Your instructions:
All pictures are to be skipped; retype only the lines from the top of the entries through the line with "Robotic АТТ тернәкләндерү", both included.

Stored records:
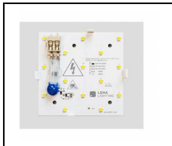
Gamma LED Basic 280 1500lm 840 (13W) - světelný modul (754968)
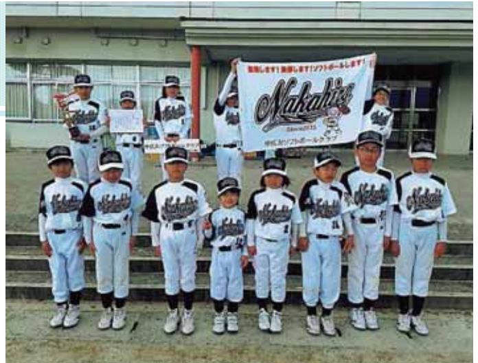
夏季は水・土曜日、冬季は土・日曜日に、中広川小学校のグラウンドで練習しています！
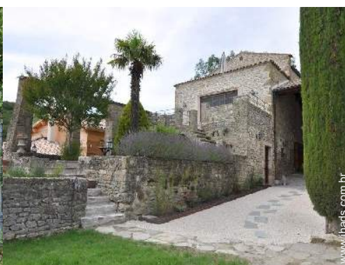
Casa provençal de luxo
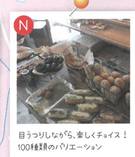
目うつりしながら、楽しくチョイス！100種類のバリエーション
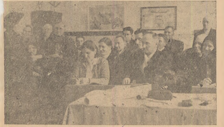
Cercul agrotehnic de la Bărbănt — la o oră de curs.
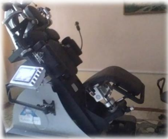
Robotic АТТ тернәкләндерү физиотерапия аппараты

(күчемсез милек, медицина жиһазлары, автотранспорт, оргтехника) хужалык әйләнешенә жәлеп итү буенча чаралар кулланмаган.
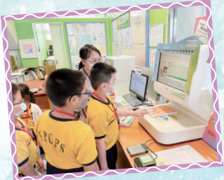
同學學習借還圖書。
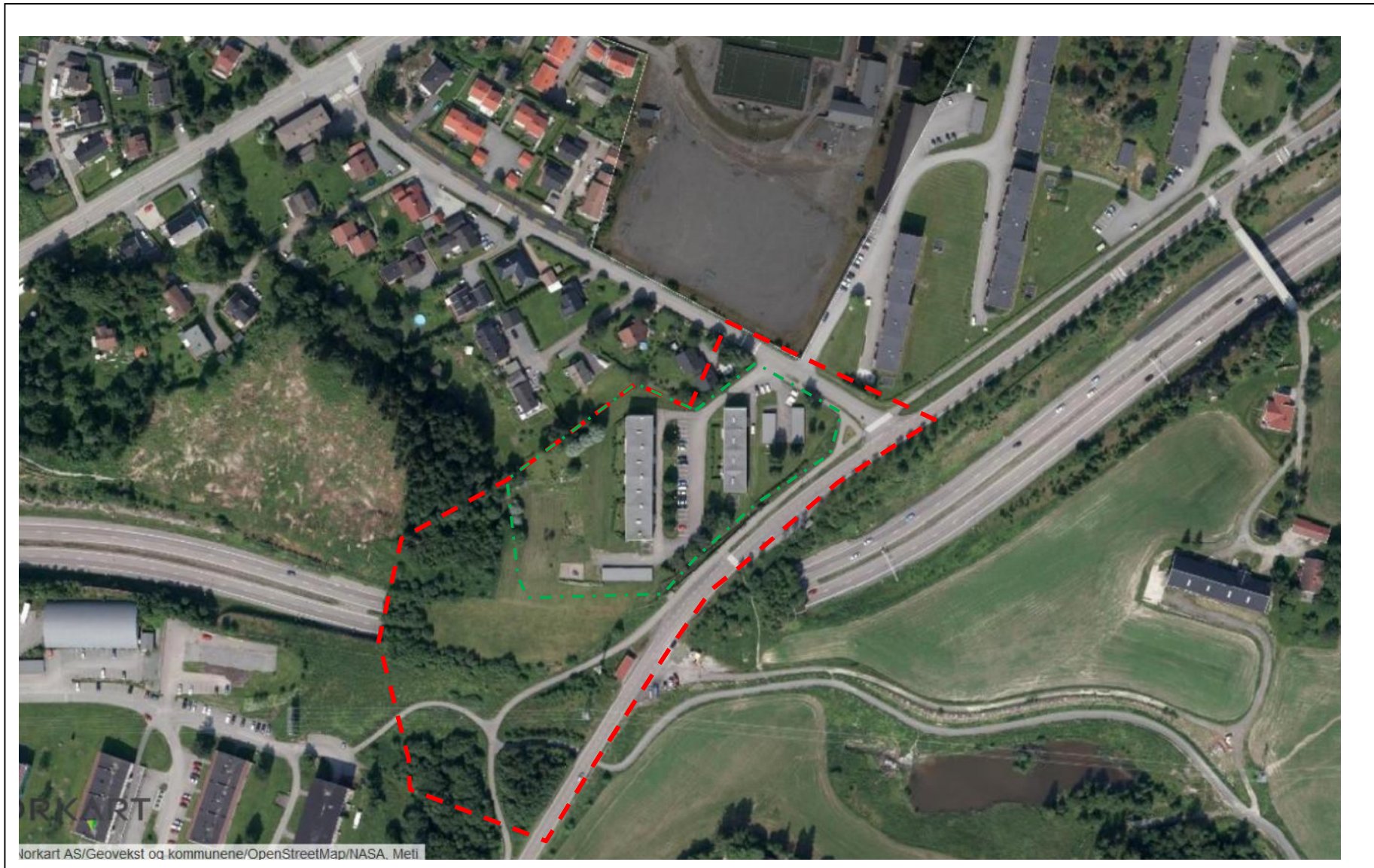
Illustrasjon 1: Flyfoto over planområdet (rød avgrensning), eiendom 81/95 (grønn avgrensning) og tilleggende nærområde.
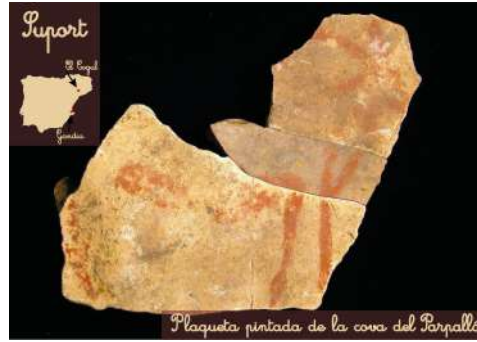
Plaqueta pintada de la cova del Barralló
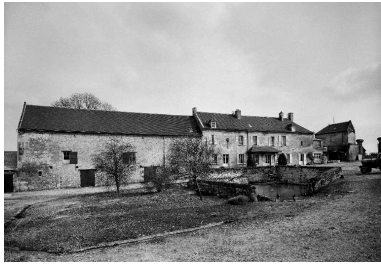
Ferme à Soucy : vue de l'élévation sur cour du logis et de l'étable attenante.

IVR22_19860200369V
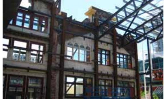
写真 6 Emprium Shopping Center のヘリテージファサードを残した改築

メルボルン本社では、私のメンターは 2 名となり、延床面積 86,000m 2 の New Bendigo Hospital Project チームのエンジニアと、MECHANICAL 部門のエンジニアで多くの現場視察同行をすることができ、実際の図面作成補助をおこないました。
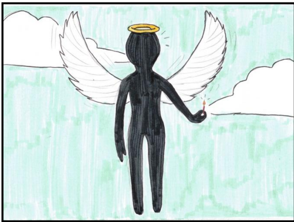
Dessin de Miya

Pour illustrer les conséquences que peut avoir un harcèlement scolaire, j'ai choisi aujourd'hui de vous parler d'un jeune homme dont l'histoire est tragique.
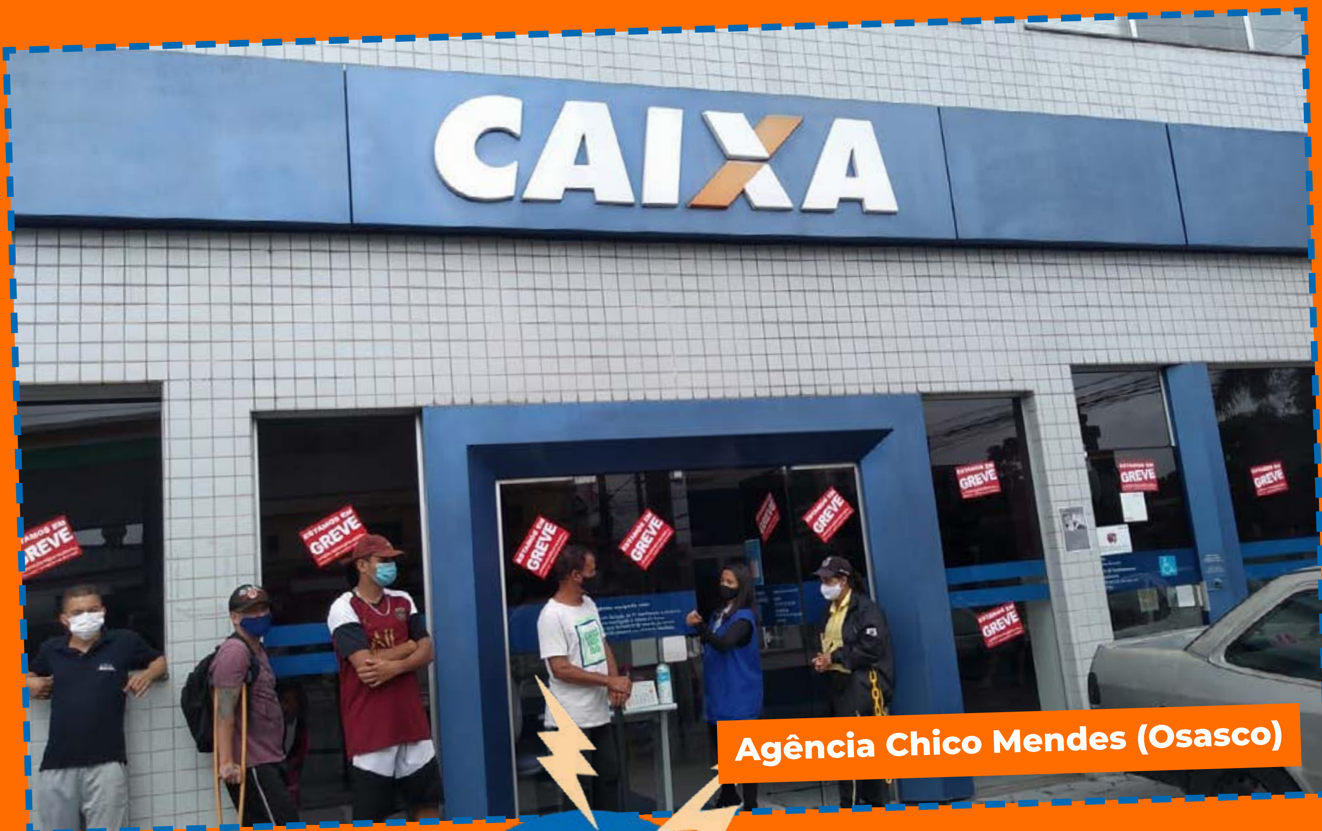
Agência Chico Mendes (Osasco)
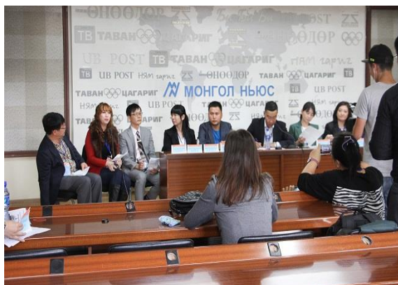
電視臺訪問介紹學校特色
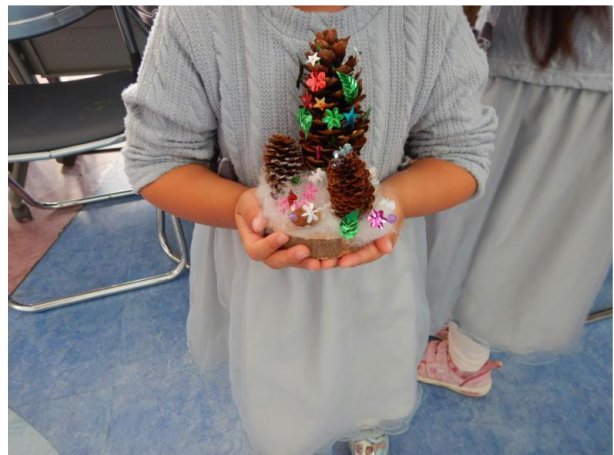
▽ミニツリーの力作
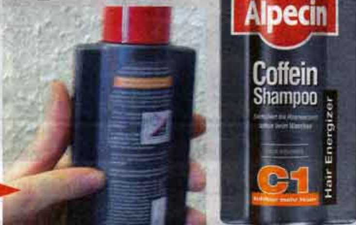
Das erste Shampoo mit Coffein macht müde Haarwurzeln munter, sogar erblich bedingter Haarausfall wird gestoppt
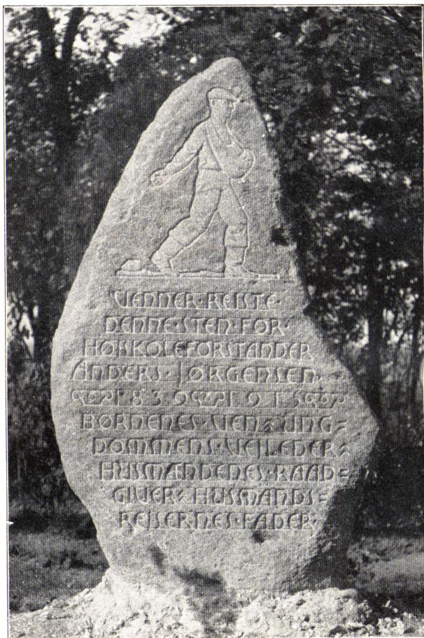
Mindestenen i skolens have.
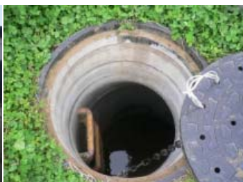
敷地内最終雨水ます②
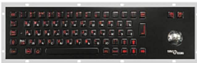
Наименование оборудования: ЭКНИС NavCom Voyager SB-19 Производитель: Общество с ограниченной ответственностью "НавМарин"
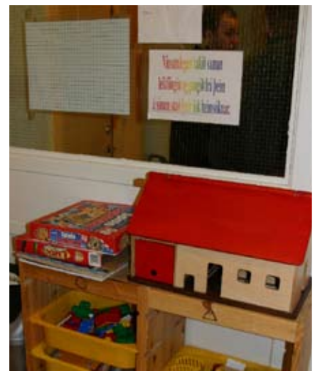
Á ganginum eru leikföng sem börn geta tekið með sér inn á gestaherbergin.
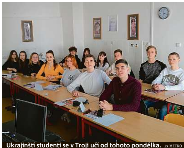
Ukrajínští studenti se v Troji učí od tohoto pondělka. 2x METRO
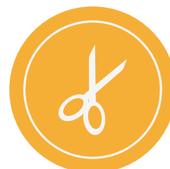
Tijeras y mochilas
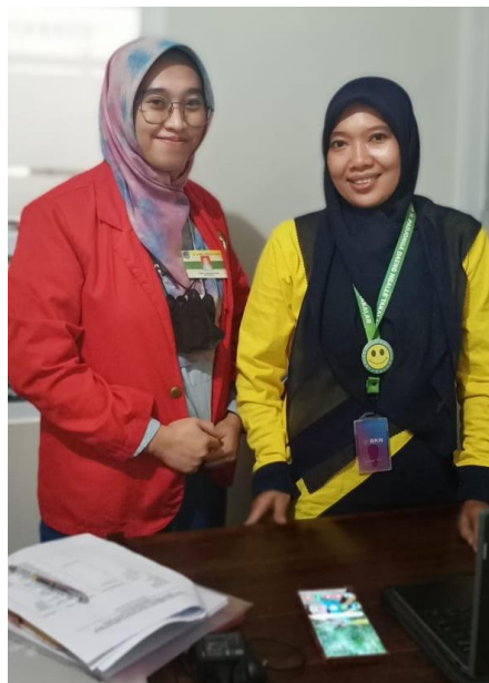
Wawancara bersama Kepala gudang perbekalan farmasi
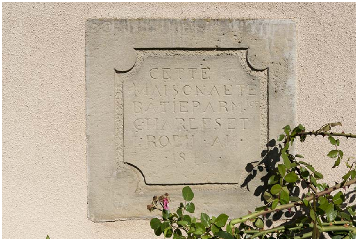
Inscription de fondation sur la façade antérieure. (1849) 70, Vougécourt
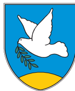
Občina · Comune di IZOLA · ISOLA
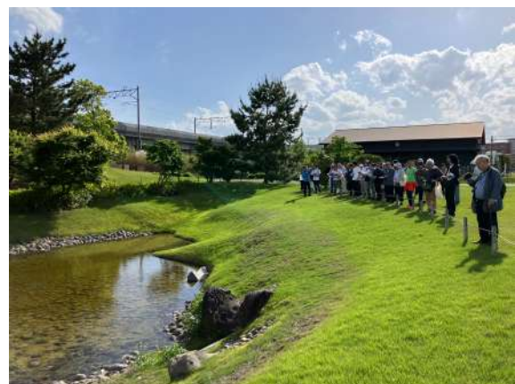
現地検討会で訪問した大友氏館跡庭園

また、韓国庭園デザイン学会の皆様への参加により、国際的な視点から日本庭園を見直すきっかけにもなりました。今後、国際連携が一層進み、文化財庭園の保存と活用に関する研究が発展していくことを期待しています。そして、庭園の歴史的・文化的意義がより広く認識され、次世代へ継承されることを心より願っております。大会関係者の皆様、このたびは貴重な機会を誠にありがとうございました。
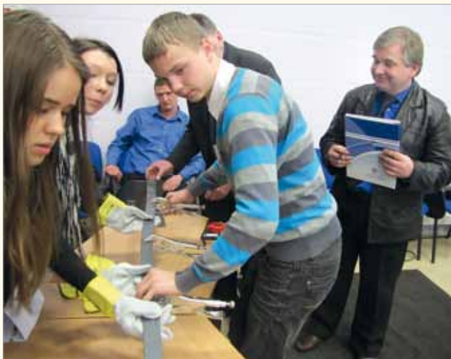
Jelgavas skolēnu komanda pilda vienu no piedāvātiem uzdevumiem

Šogad „ēnotāju” uzmanība bija pievērsta pašvaldības speciālistu
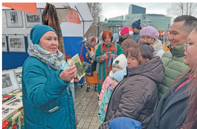
» А.Р. Иштимирова-Посохова ТуевЌт рЌт ёха ванлтум хурЌт олЌґн путЌртЌл

Округ мир творчества хотн па «Почта России» хуща рЌпитты ёх тЌм олн «Кар-Кард» немпи кЌсупсы лЌщЌтсЌт. Тыв 333 вохты непекаґ китсы, щит Югра мЃвев 18 вош, Москва па Ёкатеринбург
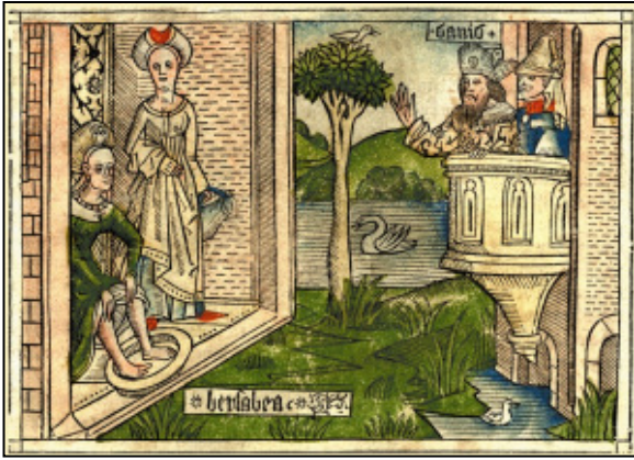
Nr. 1 David und Bathseba (2. Sam. 11,2) Koberger Bibel, Nürnberg 1483 Postkarte
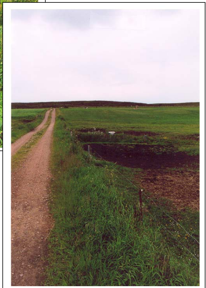
Figur 15. Samme vandløbslokalitet som i figur 14. Efter etablering af afhegning har vandløbet retableret sig ganske smukt, nærbillede af lokaliteten ses i fig.15a.
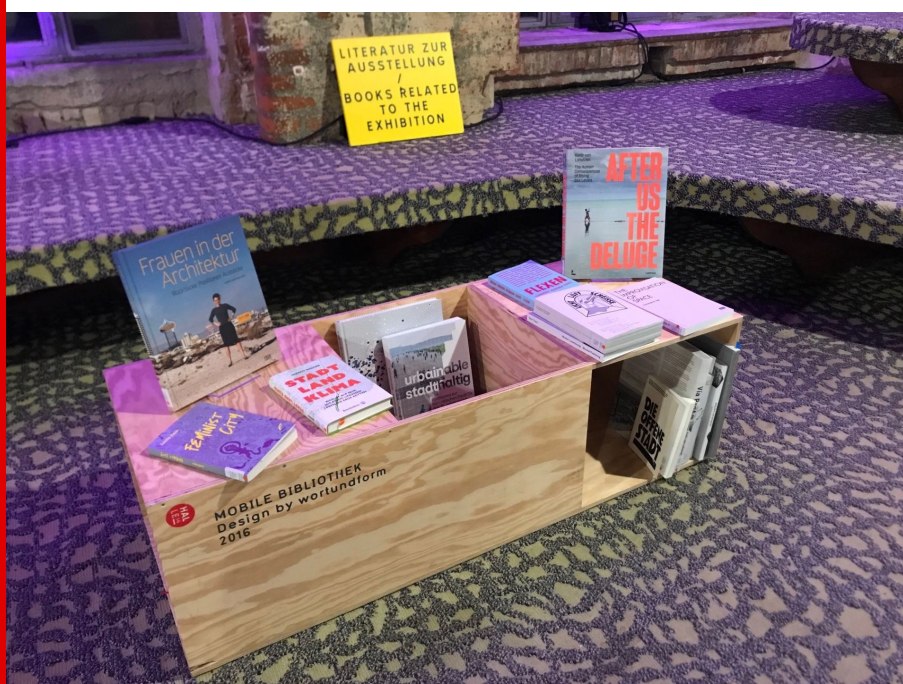
Abb.: Ein Teil der Bücher zur Ausstellung im Besucherzentrum, Foto: HALLE 14, 2021.

Solution:
Gamma LED Basic 280 1500lm 840 (13W) - světelný modul (754968)
夏季は水・土曜日、冬季は土・日曜日に、中広川小学校のグラウンドで練習しています！
Casa provençal de luxo
目うつりしながら、楽しくチョイス！100種類のバリエーション
Cercul agrotehnic de la Bărbănt — la o oră de curs.
Robotic АТТ тернәкләндерү физиотерапия аппараты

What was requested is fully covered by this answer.